The Seattle schools have a new'guest' teacher. Zhu Dan arrived in the Seattle colleges in January and will stay for an 18-month guest teacher program. Dan, who teaches college-level English in her native Kunming, China, has the option to extend her stay for another year.
Dan is one of 34 guest teachers in nineteen states that are taking part in a new association between China's institute Hanban and the college Board, a non-profit organization that administers the advanced Placement examinations and SAT testing ). Plans are for an extra a hundred guest teachers across the U. S. by this summer and 250 by 2009. The partnership is part of China's large-scale effort to plug the Mandarin language and getting people in other nations to learn it.
This is the ideal program for many Pacific Coast states that do a lot of business with China. Chief Sealth school principal John Boyd journeyed to China as a part of a Hanban program and was inspired to provide a course in Mandarin to his Seattle colleges students. He and Noah Zeichner, who heads up the highschool world language program, wished to expand the global focus in his Seattle faculty. They already have a student exchange program from Chongqing, China.
Zhu Dan teaches the Mandarin language in 3 Seattle colleges - Denny Middle, Madison Middle, and Chief Sealth high schools.

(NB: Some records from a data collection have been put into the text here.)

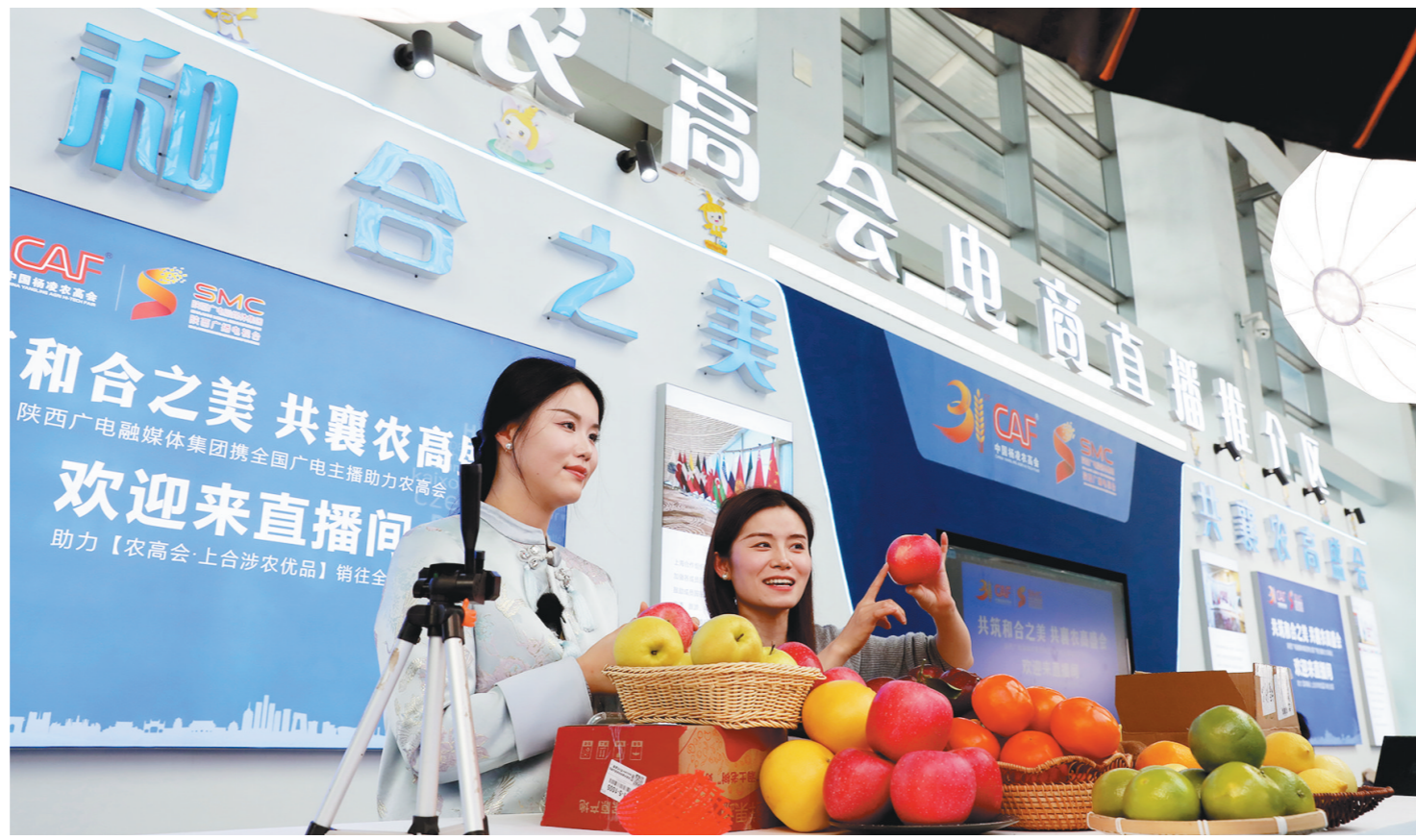
10月26日，两名主播在农高会现场为观众介绍水果。 第三十一届农高会期间，云上农高会通过“会展+电商”融合新模式，将展团、企业经选的优质产品同步推介至自
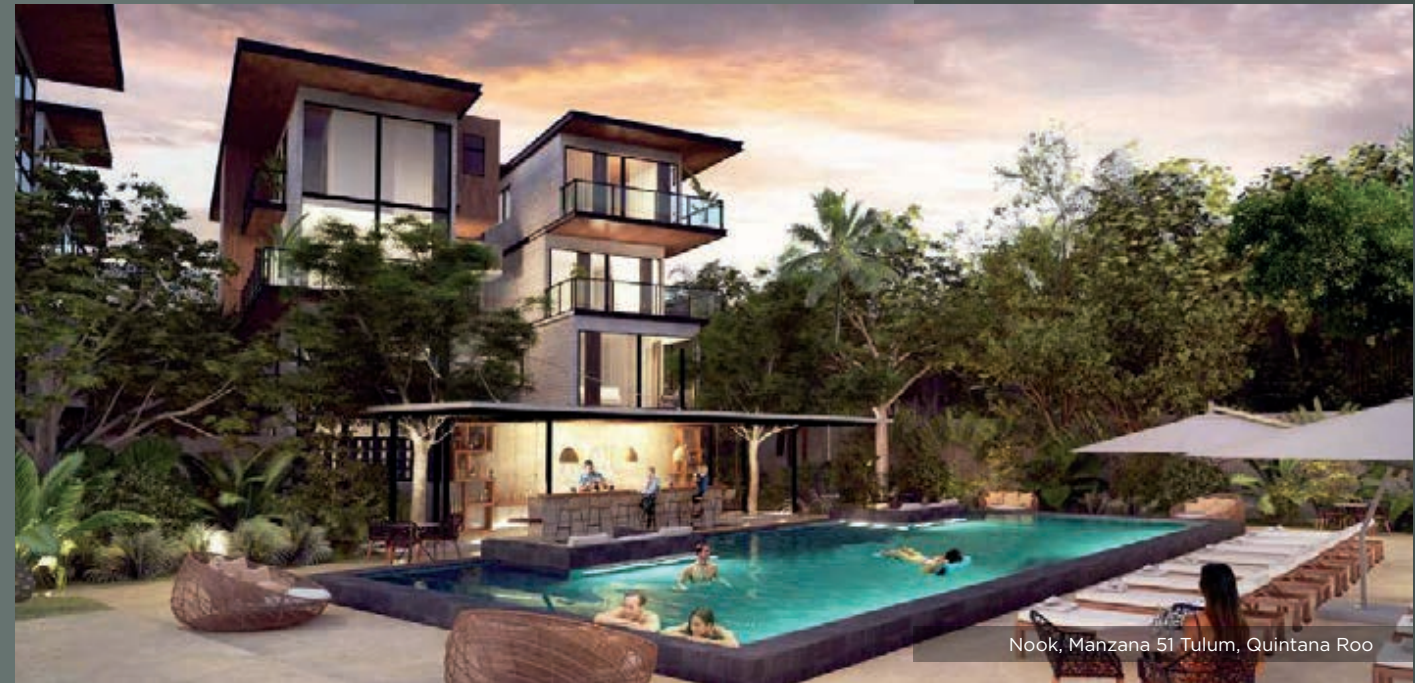
Nook, Manzana 51 Tulum, Quintana Roo

En la Riviera Maya, Niz + Chauvet Arquitectos ha diseñado conocidos hoteles como el Thomson Hotel Downtown, el Mandala Hotel & Spa y el Paradisus by Melia Hotel. Mientras que en la Ciudad de México, uno de sus proyectos más destacados es el hotel Live Aqua Bosques.
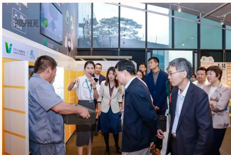
参观黑水虻自愿减排项目

5月10日，生态环境部应对气候变化司司长李高先生率生态环境部、广东省生态环境厅、深圳市生态环境局、深圳市盐田区人民政府等一行领导来到位于深圳的大梅沙万科中心碳中和实验园区考察指导。万科公益基金会解冻理事、谢晓慧秘书长、刘源、区焕仪陪同接待。
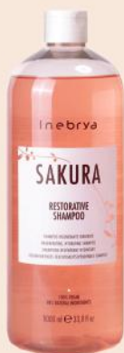
SAKURA RESTORATIVE SHAMPOO 1000ml 300ml

DODATAK: Faza 3. Ako osećate potrebu da kosu učinite lakšom za upravljanje, ponovo nanesite RESTORATIVNU MASKU na krajeve vlažne kose. Počešljajte, ostavite da deluje 3 minuta i isperite.
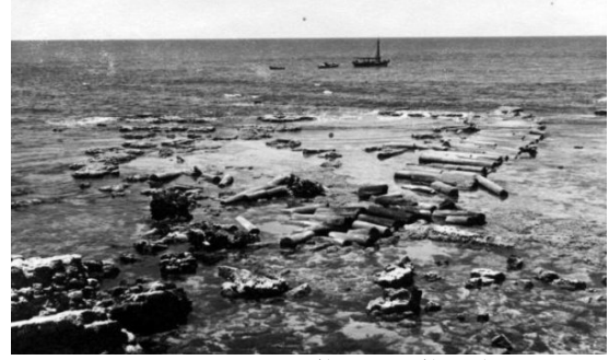
أم خالد: هدوء البحر - صور قديمة
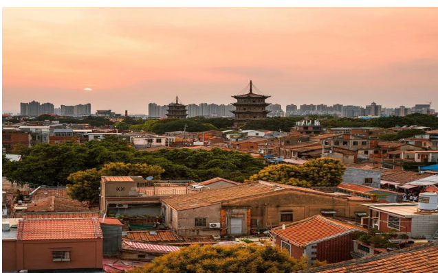
从空中看泉州，红色占据了城中的“C位”。建造于宋代的开元寺双塔，被红色的房子包围着。

While the institute Hanban pays her a stipend, the Seattle faculties provide housing, airfare and cover other costs. Dan is residing with Sealth teacher Frank Cantwell and his family.
Dan asked for the guest teacher program for 3 reasons - to improve her own English abilities, to help northern Americans understand more about China and its culture, and to help get the program started inside the Seattle schools. She wants to leave her students with enough awareness of the Mandarin language to survive a trip to her country.
Before journeying to the US and the Seattle colleges, Dan had to take a 14 day crash course in Beijing. It covered our culture and education system, our cash system, and how to write a check ( something rarely done in China ).
many of her Seattle faculties scholars took her course, as it sounded engaging. Others have chums or family members who speak Mandarin. Inside her first two weeks of instruction, Dan's Seattle schools students could count to ten in Mandarin, pronounce the Chinese names she gave them, work thru the pronunciation drills and vocabulary exercises given them, and sing a song about the Chinese New Year to the song'My Darlin' Clementine'. Additionally, Dan shares her Chinese culture with the scholars, making her classes even more engaging.
Besides the guest teacher program, many Seattle schools now are supplying instruction in Mandarin, as well as advanced Placement courses in Chinese and the AP testing that earns college credit for the Seattle schools scholars who pass. For this year, Dan's Mandarin class at Sealth school meets after school. It will be part of the ordinary, daytime curriculum in the fall. Principal Boyd is encouraging elementary colleges within his area of the Seattle faculties to apply together for a second guest teacher for the Mandarin language.